You can e-mail me at sacha@sachachua.com.

Late-night braindumps by talking to myself

Nov 18, 2022| geek, speechtotext

At my most recent eye exam, the optometrist recommended that I use a warm compress and massage my eyes afterwards to help with dry eyes, so I ordered a USB-powered eye mask. I like how I don't have to fuss around with figuring out the temperature and duration, especially now that things are colder. It's just there by my bed. It turns on. It has a timer, so I can set it to automatically turn off at 20 minutes. The medium heat setting is warm enough to be warm but not uncomfortable, even in winter.

Since I can't see anything while I have the compress on, I've taken to recording a quick braindump of the day. It's a nice way to wind down. I end up clearing my brain, and I usually just sleep afterwards instead of staying up. W- keeps later hours than I do, so I can talk without disturbing anyone.

Google Recorder automatically transcribes my recording on the fly with varying levels of accuracy. It's enough to mostly recognize my thoughts next day, and I can tap on a word on my phone to jump back to that part of the audio. If I really want to, I can use aeneas to align the text to the recording so that I can do that sort of verification on my computer. For the most part, I've been able to understand things from context.

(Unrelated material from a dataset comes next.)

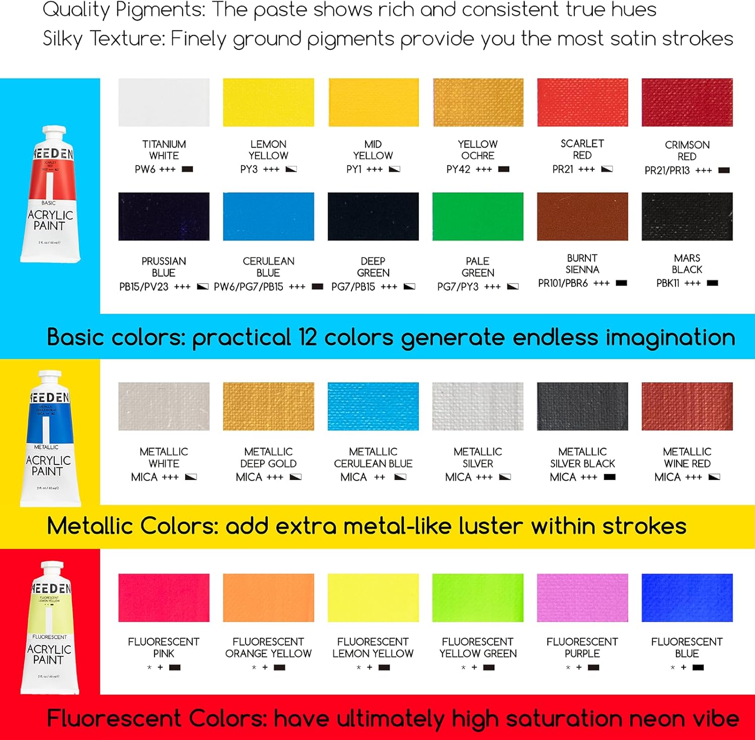 MEEDEN Acrylic Painting Set with Easel: 44 Pcs Art Supplies Painting Kit with Tabletop Box Easel for Adults - 24 Acrylic Paints, Paintbrushes, Canvas, Palettes & Accessories

I've been experimenting with using special keywords to set off parts of the text that I might want to pay special attention to. At first, I tried phrases like "begin elephant" and "end elephant", but "end" and "and" are easily confused by the speech-to-text recognizer, and "elephant" gets misrecognized sometimes too. "Hello" and "goodbye" seemed to work better. "Hello computer" / "Goodbye computer" and "Hello notebook" and "Goodbye notebook" seem to work okay. Might go with "Hello notebook", since it has fewer syllables.

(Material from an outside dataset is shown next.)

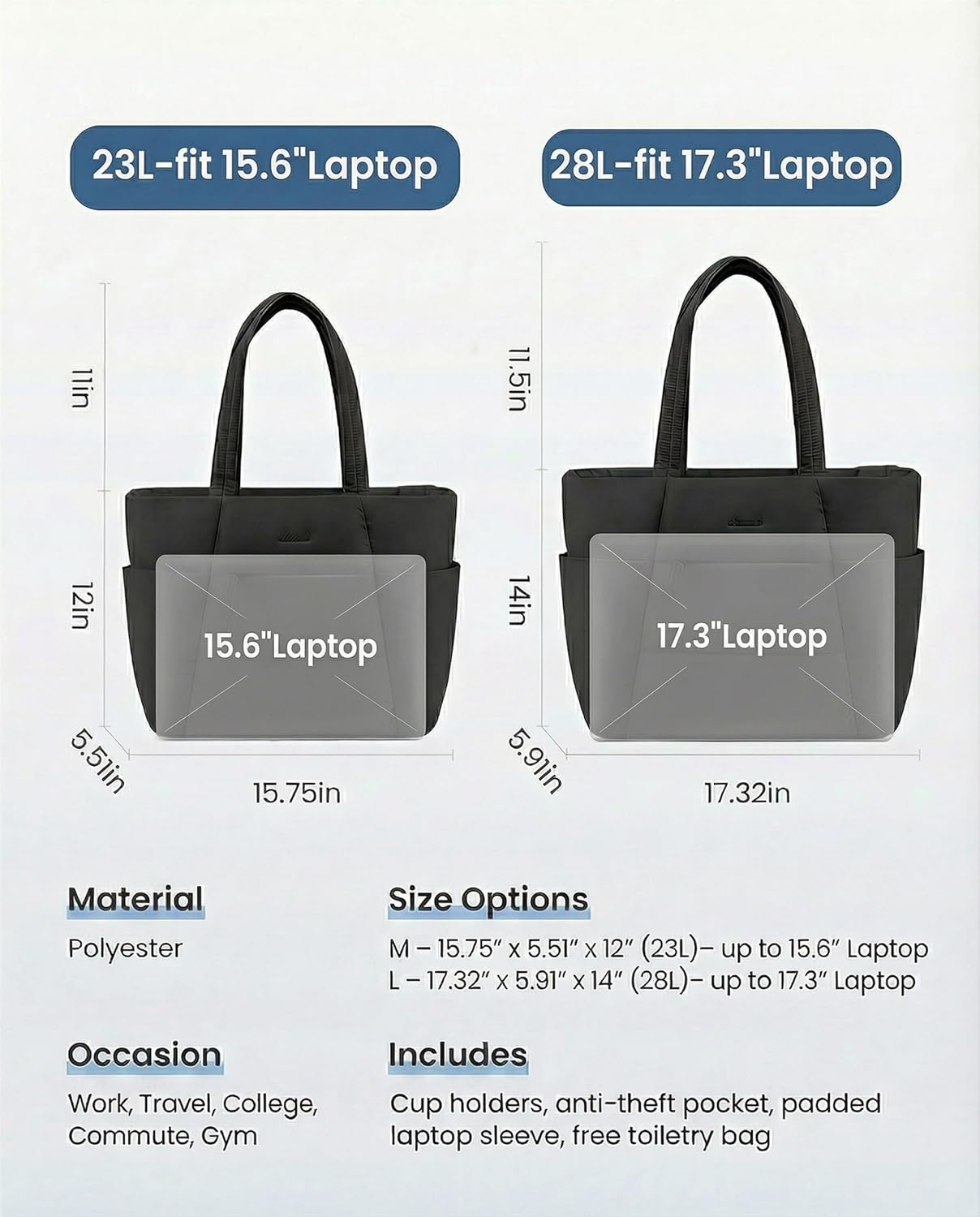 LOVEVOOK Chic Tote Bag for Women PRODUCT ATTRIBUTION Content: Chic Puffer Tote Bag for Women blending style and functionality effortlessly. Material: Polyester Color: Black/Khaki/Pink/Off-white Upgrade your accessory game with the LOVEVOOK Stylish Puffer Tote Bag for Women. Crafted from durable polyester, this chic tote is more than just a beautiful design; it meets all your daily needs. Whether you’re heading to the office, hitting the gym, or embarking on a short trip, this versatile bag will be your go-to companion. With multiple pockets for unruly clutter and a lightweight structure, this laptop tote bag not only makes organization effortless but also radiates style. The unique quilted exterior ensures you stand out while remaining comfortable as you carry your essentials. Perfect for any occasion, this tote bag makes an exceptional gift that will surely delight your loved ones. Don’t miss out on this must-have accessory!

My goal for that time is to do a braindump of the different things I need to think about and capture, and then make it easier to follow up. It might also be a good time to review the day and plan tomorrow. Sometimes I might talk my way through the idea for a blog post or a decision I'm considering. I still tend to stutter and wander all over the place, but it's useful to have notes as a starting point.

How could I improve this workflow? I would like to record my thoughts and ideally, have the transcript automatically show up in a folder in a directory and my computer. To reduce the friction in that, I might need to do the transcription on my computer, because Google Recorder requires me to tap a few buttons in order to share the transcript unless I root my phone, which is a bit of an involved process that might need to wait until after EmacsConf. If I use another recording app that saves the audio to a directory that is synchronized to sync thing to my server, then I can transcribe it with OpenAI Whisper and align it with aeneas to get the timestamps. My laptop is pretty slow, but I'll be asleep anyway, so maybe the laptop can work on it overnight.

I would ideally like it to create Org Mode entries, maybe putting those entries in a separate inbox if I'm worried about messing up my main inbox. It can pull out the text between "Hello, notebook" and "Goodbye, notebook" sections along with links to the files where they came from so that I can review the context. Org Mode links can jump to text or lines in a text file, or I can add support for easily capturing and linking to subtitles in subed.el (maybe a subed-org.el). Who knows? I might even be able to start extracting audio snippets in order to create a quick presentation using something like compile-media. (I'm recording in a relatively quiet room and no one's excitedly trying to interrupt me, so I might as well take advantage of that!) Oh, maybe I should also add a command to copy the subtitles in the region as plain text. If I figure out a grammar, I might even be able to automate or partially automate common commands.

I don't need to record everything 24x7 (although someone's experimented with that), but these short snippets might be a good start. It could lead to getting more stuff out of my brain, and that can be handy too.